Disclaimer: These are my personal notes on this paper. I am in no way related to this paper. All credits go towards the authors.

Fawkes: Protecting Privacy against Unauthorized Deep Learning Models

July 23, 2020 - Paper Link - Tags: Adversarial, Data-Poisoning, Perturbation

Summary

Created a novel targeted clean data poisoning attack using perturbation ("cloaking") to move User samples towards a Target class. Their system consists of a User, who does not want to recognized by facial recognition software and a Target. The Target helps the User not be recognized. In feature space, the Target should be far away from the User. Their framework then adds a perturbation to User photos (a different perturbation for each photo) in the training dataset to move the decision boundary for the User closer to the Target. When live, un-perturbed, User samples are then feed into the facial recognition system, the User will be classified as someone else, since their feature vector is not similar to the Target.

Notes

Constraints:

Can alter the images of the User
Has access to the facial recognition model or another model capable of facial recognition.
Has access to the full dataset (for feature vector distancing from the User). The Target does not need to be in the dataset. The Target is just used as a goal to move the User decision bondary towards
Does not want to decrease the overall accuracy of the model

Fawkes

Choose a Target Class T. Compute the centroid of every class, pick the centroid furthest away from the User's centroid. See Equation 3.
Use the following formula to calculate per-image cloaks: \( \underset{\delta}{\operatorname{min}} Dist(\Phi(x_{T}), \Phi (x \oplus \delta (x, x_T))) + \lambda max(|\delta (x, x_T)| - \rho, 0) \)

\( \delta \) is the perturbation filter. It is given the User image and the Target image
\( \Phi \) is the facial recognition feature generator
\( \lambda \) is how important the amount of perturbation is
\( \rho \) is the maximum acceptable amount of perturbation. If \( \rho \) was \( \infty \) then the cloaked image would be identical to the target image.
Each cloak is generated by selecting a random image in the Target set.
Tanh is used to keep the pixels within [0, 255], similar to the clipping done by most papers.

Key Findings

"Cloaking is highly effective when users share a feature extractor with the tracker", i.e. white-box attack
Using a robust feature extractor helps limit the adverse effects of a non white-box attack. A robust feature extractor is a feature extractor trained with adversarial images. They used the PGD attack to generate adversarial samples.

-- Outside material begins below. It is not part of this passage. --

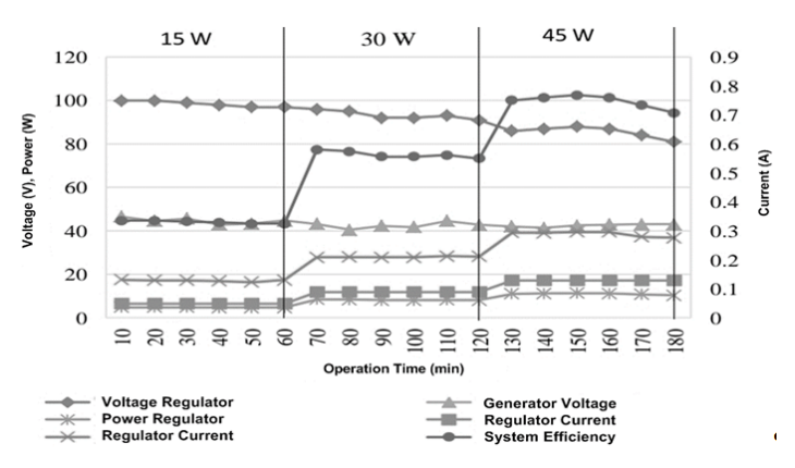 In Figure 3, the relationship between voltage and current in response to the AC lamp load is depicted, revealing an inverse proportionality as the lamp load increases. The highest generator voltage is recorded at 46.6 V, with the lowest generator current at 0.128 A. Simultaneously, the regulator exhibits its highest voltage at 100 V, the lowest regulator current at 0.05 A, and the lowest power at 4.85 W, all occurring with a light load of 15 W. Conversely, the lowest generator voltage is 39.3 V, with the highest generator current at 0.297 A. The regulator’s lowest voltage is 81 V, with the highest regulator current at 0.13 A and the highest power at 11.44 W, observed with a light load of 45 W. The system efficiency reaches its peak at 0.77% for a 45 W lamp load, while the lowest efficiency is 0.33% for a 15 W lamp load. The graph illustrates fluctuations in voltage, current, and power in response to changes in the lamp load. These fluctuations are influenced by variations in water discharge, although efforts are made to maintain a constant discharge during the data collection interval.

Figure 6, when number of labels is 5>, the results are promising.
Figure 7, using the same model as the tracker is more effective than using a different feature extractor (facial recognition model)
Figure 8, robust models make the attack easier
Sybil Accounts

A sybil account is an account generated by the User with images similar in feature space to the User
Used as an additional decision close to the actual User that the User's real photos can be classified into
Figure 10, protection success rate plummets when a small percentage (15% or so) is uncloaked
Figure 11, a single sybil account keeps protection success rate high, with two sybil accounts having additional success

Attempted Countermeasures

Blurring: decreased overall accuracy but not protection success rate
Gaussian Noise: same as blurring
JPEG Compression: both accuracy and protection success rate decreass

Interesting References

"Clean label attacks are easily detectable through anomaly detection in the feature space"
"...transfer learning is most effective when the feature extractor and model are trained on similar datasets."
DSSIM (Structural Dis-Similarity Index) can be used as a mathematical way to determine the "visual" difference between images. A DSSIM up to 0.2 is imperceptible to the human eye.

Analysis

This is very similar to a standard perturbation evasion attack, but is marketed as a data poisoning attack instead.
The attack is VERY dependent on poisoning EVERY User sample in the training dataset. With less than 20% un-poisoned samples, the protection success rate is less than 50%. In the authors' words: "a tracker who obtains a large number of uncloaked images of the user can compromise the effectiveness of Fawkes"
The Sybil case significantly helps when some percent of the dataset is not-poisoned, as shown in Figure 11. The Sybil attack requires adding an additional label to the dataset however, that is similar to the User. They did not mention this, but I believe the User will likely be labeled as the Sybil account. I just don't like it.
Works better when there are a lot of labels (65 to 10,575 classes), but when there are few labels, the decision boundary is harder to move

Ideas

We did the same thing: "Normal classes should have only one feature cluster. To do this, the tracker could run a 2-means clustering on each class's feature space, flagging classes with two distinct centroids as potentially cloaked". "...To reduce the probability of detection by this method, the user can choose a target class that does not create such a large feature space separation."

Possible defense strategy for us: Increase the number of labels and samples. This way, it is more likely that benign labels have multiple centroids

Citation: Shan, Shawn, et al. "Fawkes: Protecting Privacy against Unauthorized Deep Learning Models." 29th {USENIX} Security Symposium ({USENIX} Security 20). 2020.